#### [What to produce]
Work out how many lines of the entries have the word "image" in them. Respond with that number only.

#### [Extracted information]
BEGIN

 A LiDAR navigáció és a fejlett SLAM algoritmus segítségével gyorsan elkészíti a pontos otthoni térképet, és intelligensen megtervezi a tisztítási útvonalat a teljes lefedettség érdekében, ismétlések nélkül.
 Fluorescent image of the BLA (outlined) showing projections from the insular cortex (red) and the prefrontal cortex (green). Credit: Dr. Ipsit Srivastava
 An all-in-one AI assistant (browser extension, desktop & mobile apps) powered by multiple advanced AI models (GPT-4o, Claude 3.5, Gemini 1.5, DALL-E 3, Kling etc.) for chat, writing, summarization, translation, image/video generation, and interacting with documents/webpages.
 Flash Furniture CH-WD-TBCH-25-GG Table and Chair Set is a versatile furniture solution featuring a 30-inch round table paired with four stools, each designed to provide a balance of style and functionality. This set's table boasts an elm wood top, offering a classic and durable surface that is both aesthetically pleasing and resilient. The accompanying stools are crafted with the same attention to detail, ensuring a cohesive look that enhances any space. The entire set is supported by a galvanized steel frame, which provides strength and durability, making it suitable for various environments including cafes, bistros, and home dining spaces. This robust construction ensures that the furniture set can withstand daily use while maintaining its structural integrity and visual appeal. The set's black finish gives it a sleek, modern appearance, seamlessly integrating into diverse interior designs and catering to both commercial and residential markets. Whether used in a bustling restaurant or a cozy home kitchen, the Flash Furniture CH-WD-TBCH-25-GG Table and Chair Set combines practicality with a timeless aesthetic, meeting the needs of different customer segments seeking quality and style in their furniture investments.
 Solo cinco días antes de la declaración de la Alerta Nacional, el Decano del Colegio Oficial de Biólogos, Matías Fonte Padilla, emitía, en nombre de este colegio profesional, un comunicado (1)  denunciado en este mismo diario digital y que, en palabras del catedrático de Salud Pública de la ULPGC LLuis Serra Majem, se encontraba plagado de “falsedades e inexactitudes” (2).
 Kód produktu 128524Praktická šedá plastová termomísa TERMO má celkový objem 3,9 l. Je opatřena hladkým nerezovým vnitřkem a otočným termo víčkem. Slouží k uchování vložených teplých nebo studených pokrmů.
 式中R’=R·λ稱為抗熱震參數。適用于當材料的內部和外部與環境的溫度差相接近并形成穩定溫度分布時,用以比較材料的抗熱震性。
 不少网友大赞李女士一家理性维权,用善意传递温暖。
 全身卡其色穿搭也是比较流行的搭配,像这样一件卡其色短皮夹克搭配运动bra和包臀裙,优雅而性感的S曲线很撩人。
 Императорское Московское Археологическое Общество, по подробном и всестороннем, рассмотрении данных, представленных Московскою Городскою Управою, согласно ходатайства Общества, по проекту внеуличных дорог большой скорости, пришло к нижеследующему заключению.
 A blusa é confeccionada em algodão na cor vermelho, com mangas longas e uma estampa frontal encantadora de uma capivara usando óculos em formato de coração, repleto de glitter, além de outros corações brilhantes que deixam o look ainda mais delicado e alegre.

END
BEGIN

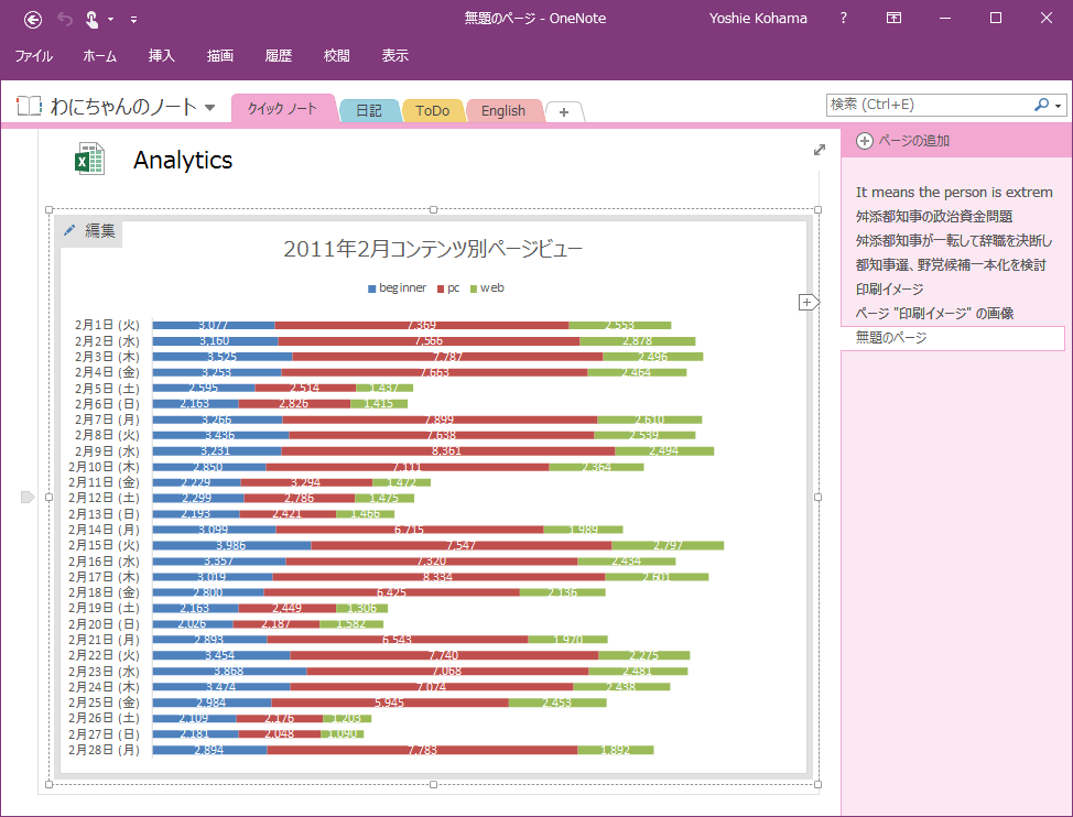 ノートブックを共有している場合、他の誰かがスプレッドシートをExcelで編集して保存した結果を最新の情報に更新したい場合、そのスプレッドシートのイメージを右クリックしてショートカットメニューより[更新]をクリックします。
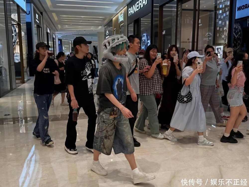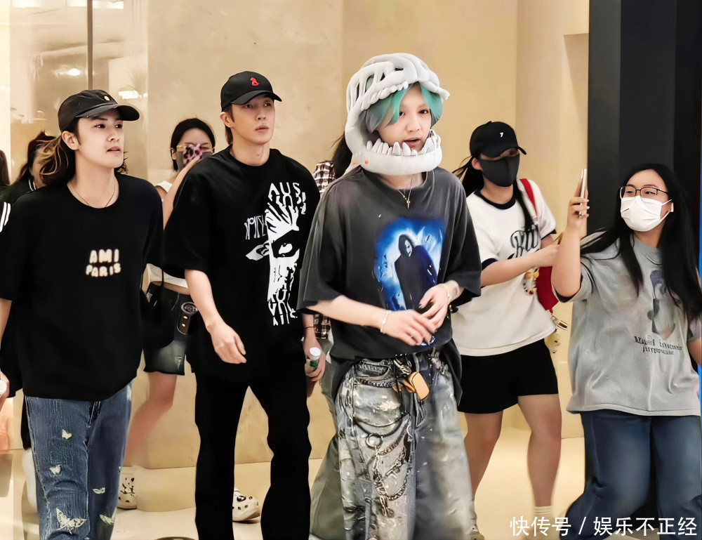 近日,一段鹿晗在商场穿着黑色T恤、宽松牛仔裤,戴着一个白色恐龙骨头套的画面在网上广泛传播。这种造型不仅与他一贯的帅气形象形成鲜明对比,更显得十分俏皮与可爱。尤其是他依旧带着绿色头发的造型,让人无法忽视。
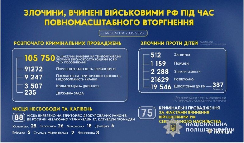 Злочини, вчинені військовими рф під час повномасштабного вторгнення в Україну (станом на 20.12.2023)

END

#### [Solution to this task]
2